++++ EXTRACTED RECORDS ++++

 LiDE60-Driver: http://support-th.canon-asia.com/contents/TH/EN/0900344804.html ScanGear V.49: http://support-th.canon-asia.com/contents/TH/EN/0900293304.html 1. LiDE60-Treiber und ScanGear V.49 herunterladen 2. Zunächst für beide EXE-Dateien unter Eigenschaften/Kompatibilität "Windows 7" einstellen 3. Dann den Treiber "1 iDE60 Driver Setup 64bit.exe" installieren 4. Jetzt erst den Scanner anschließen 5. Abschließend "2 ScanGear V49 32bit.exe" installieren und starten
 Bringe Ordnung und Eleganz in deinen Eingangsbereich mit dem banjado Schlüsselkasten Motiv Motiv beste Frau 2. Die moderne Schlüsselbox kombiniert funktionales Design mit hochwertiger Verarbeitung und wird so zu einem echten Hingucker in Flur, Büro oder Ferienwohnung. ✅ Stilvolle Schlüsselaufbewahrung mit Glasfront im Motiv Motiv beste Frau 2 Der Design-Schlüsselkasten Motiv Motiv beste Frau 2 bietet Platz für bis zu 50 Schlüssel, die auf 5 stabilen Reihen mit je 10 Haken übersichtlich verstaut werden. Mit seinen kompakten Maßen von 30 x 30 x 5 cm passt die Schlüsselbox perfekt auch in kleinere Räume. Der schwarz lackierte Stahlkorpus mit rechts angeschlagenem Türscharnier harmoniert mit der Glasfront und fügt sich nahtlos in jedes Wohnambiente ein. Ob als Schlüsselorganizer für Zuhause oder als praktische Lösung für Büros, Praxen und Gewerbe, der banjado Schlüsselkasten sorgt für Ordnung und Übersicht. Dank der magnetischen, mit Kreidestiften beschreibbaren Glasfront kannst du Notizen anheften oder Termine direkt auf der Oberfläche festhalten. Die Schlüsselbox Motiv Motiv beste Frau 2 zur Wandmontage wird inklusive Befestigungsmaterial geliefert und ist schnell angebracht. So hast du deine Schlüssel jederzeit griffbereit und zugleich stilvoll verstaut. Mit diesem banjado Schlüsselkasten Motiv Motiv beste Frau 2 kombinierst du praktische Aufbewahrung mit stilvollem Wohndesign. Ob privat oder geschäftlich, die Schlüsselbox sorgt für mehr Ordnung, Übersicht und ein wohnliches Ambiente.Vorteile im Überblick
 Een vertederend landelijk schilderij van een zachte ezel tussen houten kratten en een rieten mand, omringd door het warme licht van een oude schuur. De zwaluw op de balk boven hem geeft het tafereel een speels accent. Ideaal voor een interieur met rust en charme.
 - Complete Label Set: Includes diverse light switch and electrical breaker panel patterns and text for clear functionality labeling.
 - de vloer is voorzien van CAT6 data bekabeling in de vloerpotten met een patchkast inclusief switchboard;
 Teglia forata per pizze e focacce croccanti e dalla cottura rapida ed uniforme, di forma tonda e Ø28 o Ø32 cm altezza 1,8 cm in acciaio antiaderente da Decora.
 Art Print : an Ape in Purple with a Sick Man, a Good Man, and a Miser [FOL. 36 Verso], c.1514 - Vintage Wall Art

++++
++++ EXTRACTED RECORDS ++++

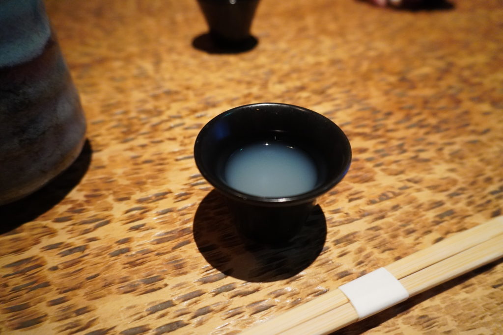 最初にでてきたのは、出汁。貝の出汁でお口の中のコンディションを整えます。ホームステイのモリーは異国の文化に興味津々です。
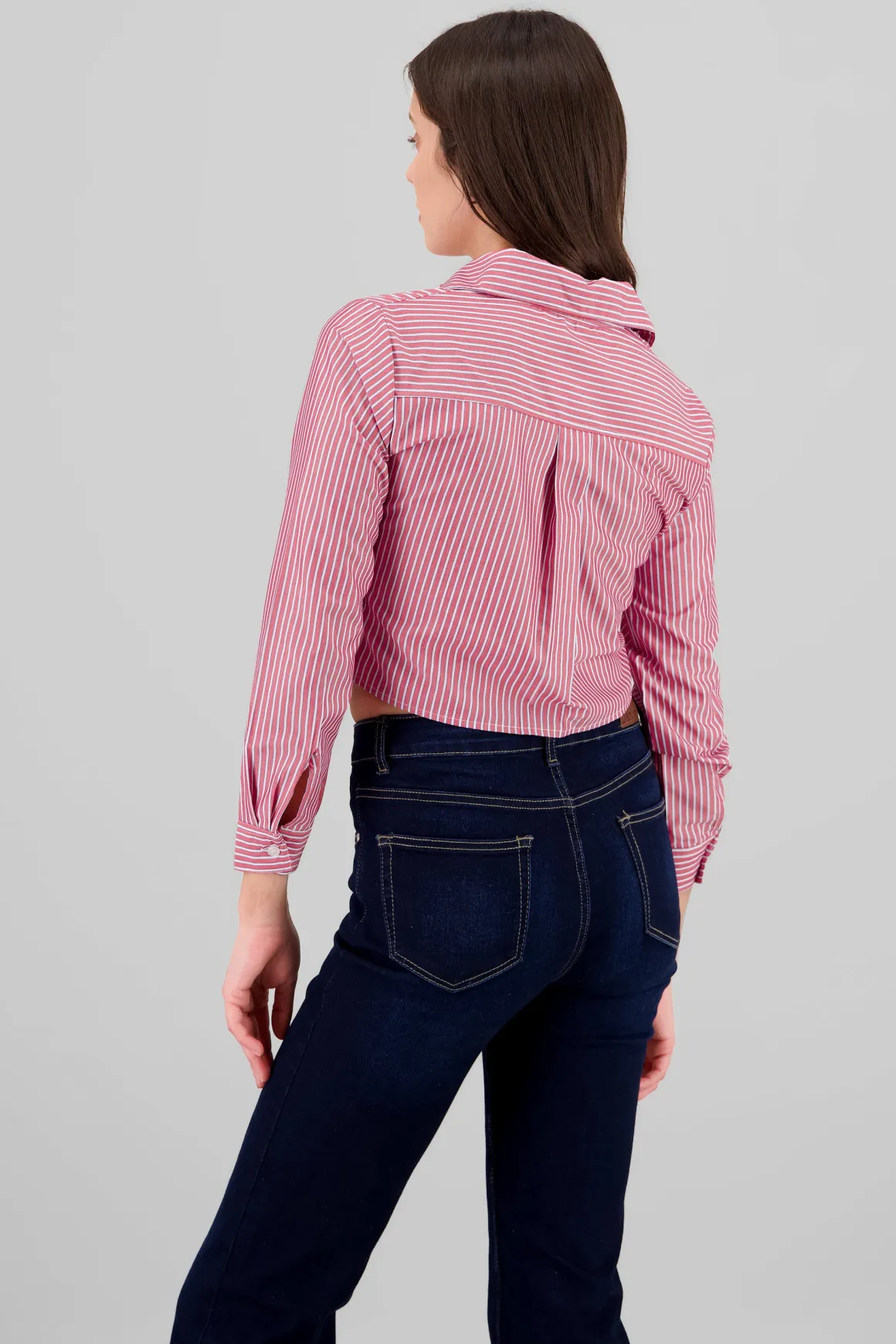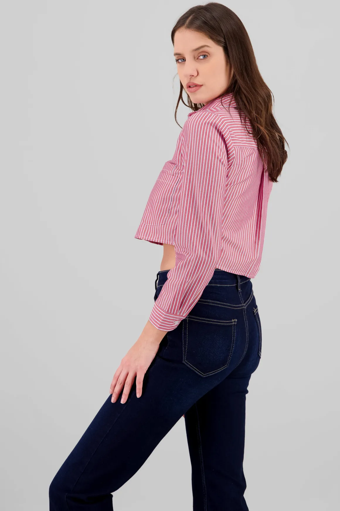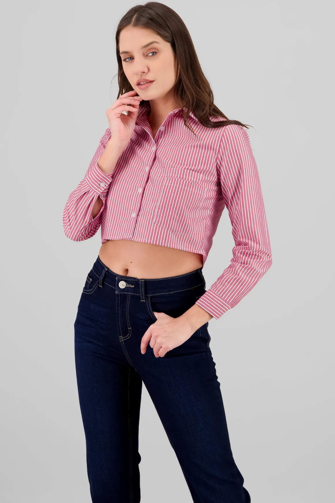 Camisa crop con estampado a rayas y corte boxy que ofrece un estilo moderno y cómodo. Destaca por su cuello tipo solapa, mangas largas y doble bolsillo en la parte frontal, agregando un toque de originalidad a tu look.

++++

◆ REQUIREMENT: Copy out the range of lines above starting at the line with "- de vloer is" and ending at the line with "Teglia forata per", exactly and including both.

◆ RESULT:
 - de vloer is voorzien van CAT6 data bekabeling in de vloerpotten met een patchkast inclusief switchboard;
 Teglia forata per pizze e focacce croccanti e dalla cottura rapida ed uniforme, di forma tonda e Ø28 o Ø32 cm altezza 1,8 cm in acciaio antiaderente da Decora.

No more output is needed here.